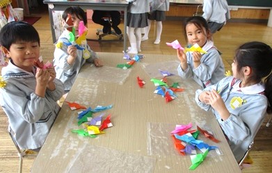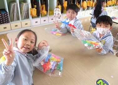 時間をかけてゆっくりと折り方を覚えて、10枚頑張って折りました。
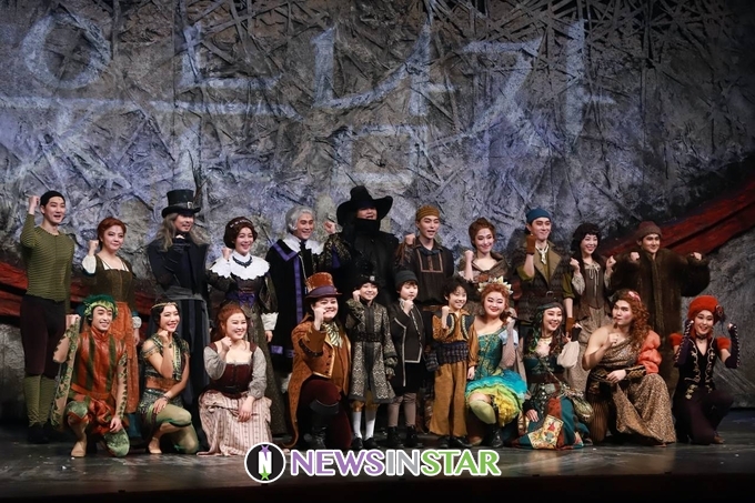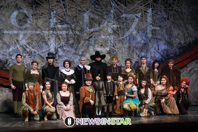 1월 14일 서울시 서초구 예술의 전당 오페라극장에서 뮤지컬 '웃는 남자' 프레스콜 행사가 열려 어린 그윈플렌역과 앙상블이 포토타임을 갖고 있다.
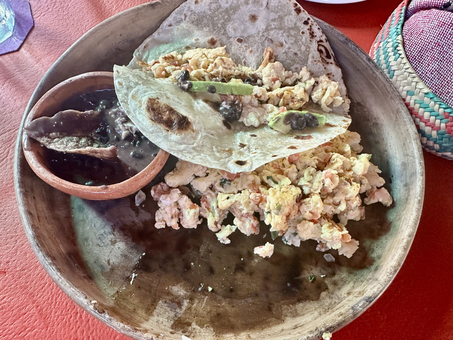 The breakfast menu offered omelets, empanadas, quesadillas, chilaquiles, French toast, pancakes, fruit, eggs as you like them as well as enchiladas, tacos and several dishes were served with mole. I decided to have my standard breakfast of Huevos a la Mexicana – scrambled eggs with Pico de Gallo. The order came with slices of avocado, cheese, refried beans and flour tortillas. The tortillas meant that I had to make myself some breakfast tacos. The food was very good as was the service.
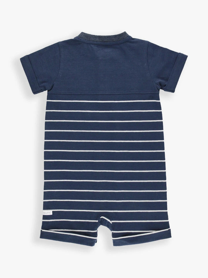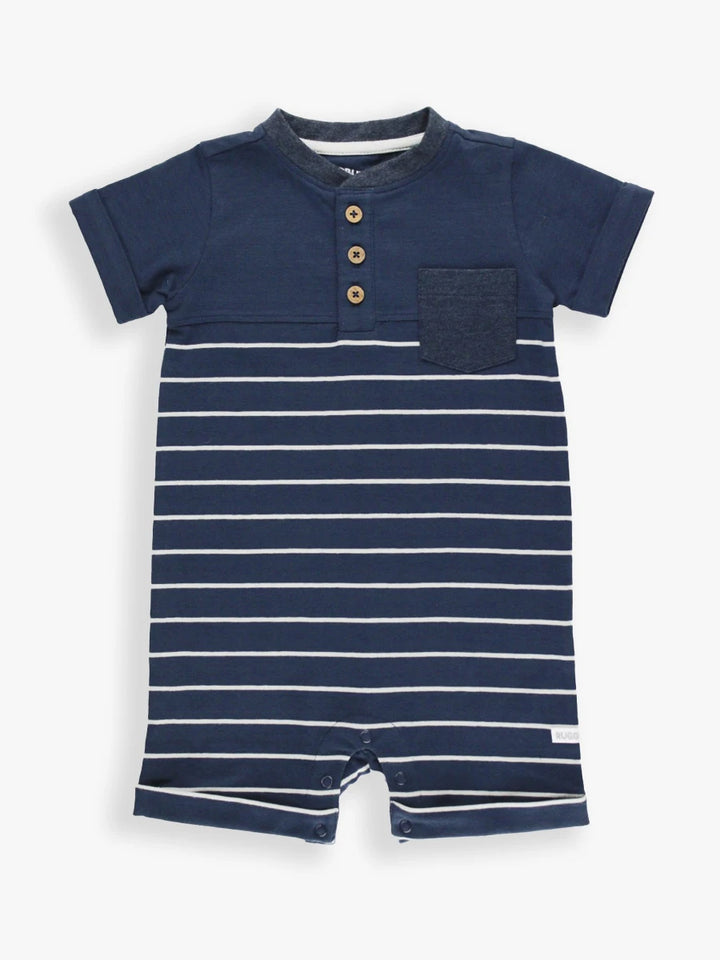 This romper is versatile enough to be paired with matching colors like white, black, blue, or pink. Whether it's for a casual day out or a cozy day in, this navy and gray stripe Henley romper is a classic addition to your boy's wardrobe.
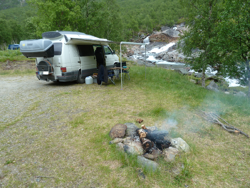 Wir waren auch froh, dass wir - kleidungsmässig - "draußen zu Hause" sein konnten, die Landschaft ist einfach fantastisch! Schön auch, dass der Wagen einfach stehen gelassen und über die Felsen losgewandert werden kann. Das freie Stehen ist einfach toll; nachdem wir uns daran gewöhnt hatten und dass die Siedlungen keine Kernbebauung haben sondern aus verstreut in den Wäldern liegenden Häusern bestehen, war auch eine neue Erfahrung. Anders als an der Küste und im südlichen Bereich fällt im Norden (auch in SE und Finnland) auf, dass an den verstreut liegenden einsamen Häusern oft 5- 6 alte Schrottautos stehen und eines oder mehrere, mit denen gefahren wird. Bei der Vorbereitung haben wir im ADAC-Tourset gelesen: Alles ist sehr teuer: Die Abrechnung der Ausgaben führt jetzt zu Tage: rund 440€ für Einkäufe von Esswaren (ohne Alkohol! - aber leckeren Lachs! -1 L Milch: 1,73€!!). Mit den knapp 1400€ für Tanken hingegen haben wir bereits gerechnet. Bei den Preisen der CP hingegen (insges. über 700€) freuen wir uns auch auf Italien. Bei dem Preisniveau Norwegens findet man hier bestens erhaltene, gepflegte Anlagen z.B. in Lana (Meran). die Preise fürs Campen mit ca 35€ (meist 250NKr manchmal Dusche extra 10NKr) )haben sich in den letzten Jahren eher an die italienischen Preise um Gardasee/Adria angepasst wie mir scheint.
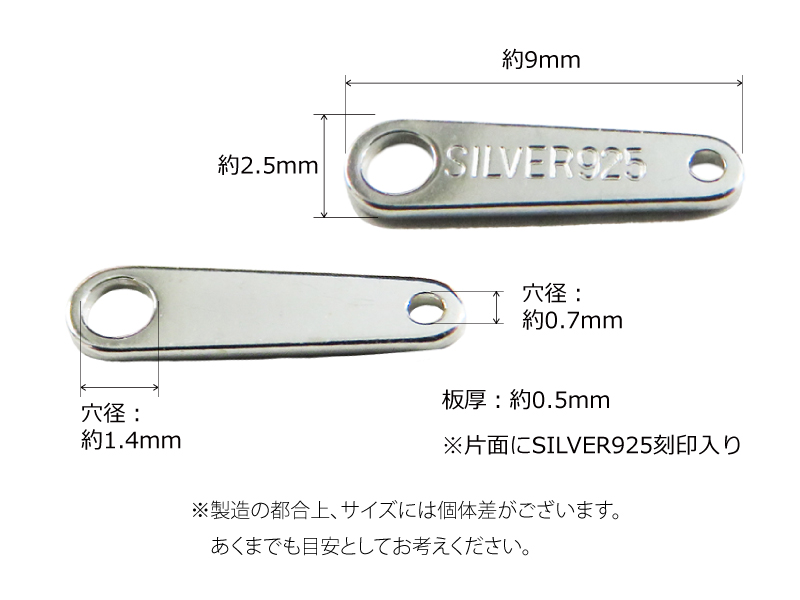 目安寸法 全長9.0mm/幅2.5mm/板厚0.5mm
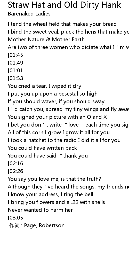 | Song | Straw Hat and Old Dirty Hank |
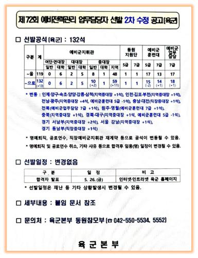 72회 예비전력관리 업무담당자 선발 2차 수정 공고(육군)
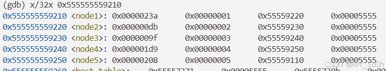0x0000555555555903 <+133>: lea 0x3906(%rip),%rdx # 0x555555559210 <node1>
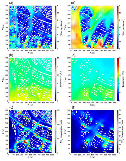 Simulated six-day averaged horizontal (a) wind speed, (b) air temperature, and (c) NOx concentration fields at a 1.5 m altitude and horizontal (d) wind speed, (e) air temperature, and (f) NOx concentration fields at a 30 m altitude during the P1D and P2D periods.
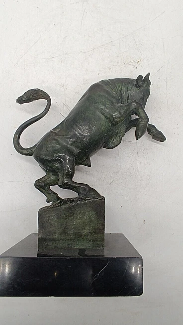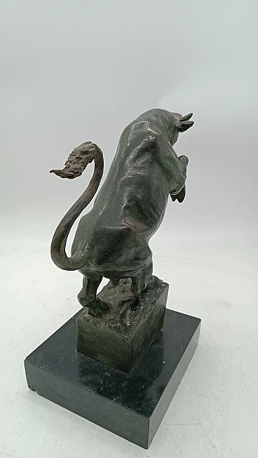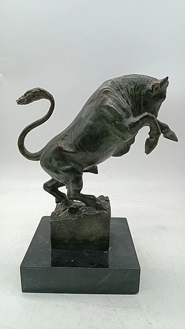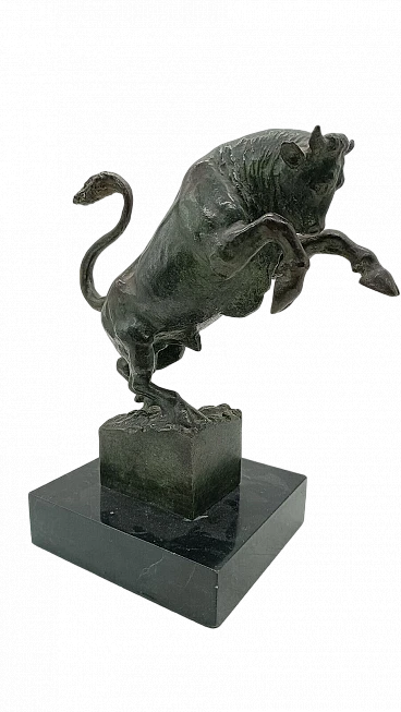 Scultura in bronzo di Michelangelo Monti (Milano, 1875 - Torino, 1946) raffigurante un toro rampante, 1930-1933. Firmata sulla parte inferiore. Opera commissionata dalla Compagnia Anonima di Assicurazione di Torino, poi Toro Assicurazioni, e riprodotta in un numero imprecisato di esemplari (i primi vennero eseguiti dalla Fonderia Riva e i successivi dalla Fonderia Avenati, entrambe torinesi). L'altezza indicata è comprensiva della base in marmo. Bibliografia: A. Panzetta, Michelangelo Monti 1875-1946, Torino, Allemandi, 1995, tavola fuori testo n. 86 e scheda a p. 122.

_ _ _ _ _ _ _

◆ **Requirement**: From the records above, transcribe only the stretch from the line with "Dirty Hank |" through the line with "0x0000555555555903 <+133>: lea", keeping both ends. Omit pictures.

◆ **Answer box**:
 | Song | Straw Hat and Old Dirty Hank |
 72회 예비전력관리 업무담당자 선발 2차 수정 공고(육군)
0x0000555555555903 <+133>: lea 0x3906(%rip),%rdx # 0x555555559210 <node1>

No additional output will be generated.